------ RAW DATA ------

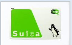
【ハイブリッド新型車両の外観と車内、交通系ICカードの一例】
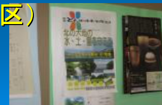
屈斜路川湯資源保全推進会議
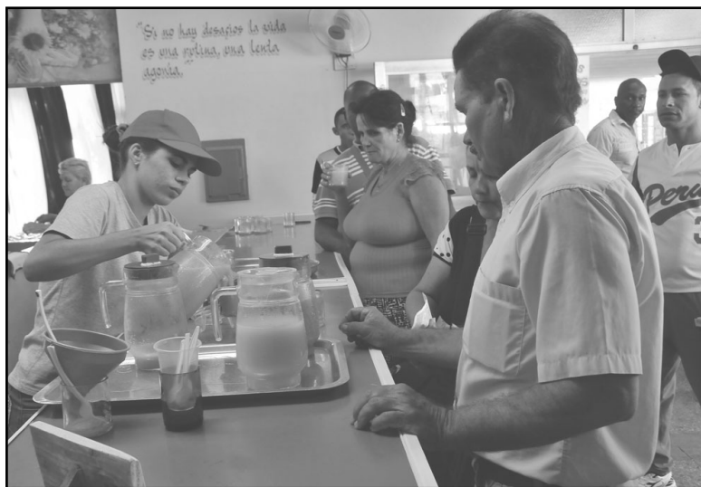
Parejo al incremento salarial, para evitar inflación, debe existir una garantía en la circulación minorista, potenciando bienes y servicios que repercutan en la calidad de vida de la población, recalcó el Presidente cubano.

De todas maneras yo quiero decirlo en público, porque también expresa el altruismo de

------

= ACTIVITY =
Go to the line containing "Parejo al incremento" in the listing. Print it and every line through the last one, exactly and with nothing more.

= TASK RESULT =
Parejo al incremento salarial, para evitar inflación, debe existir una garantía en la circulación minorista, potenciando bienes y servicios que repercutan en la calidad de vida de la población, recalcó el Presidente cubano.

De todas maneras yo quiero decirlo en público, porque también expresa el altruismo de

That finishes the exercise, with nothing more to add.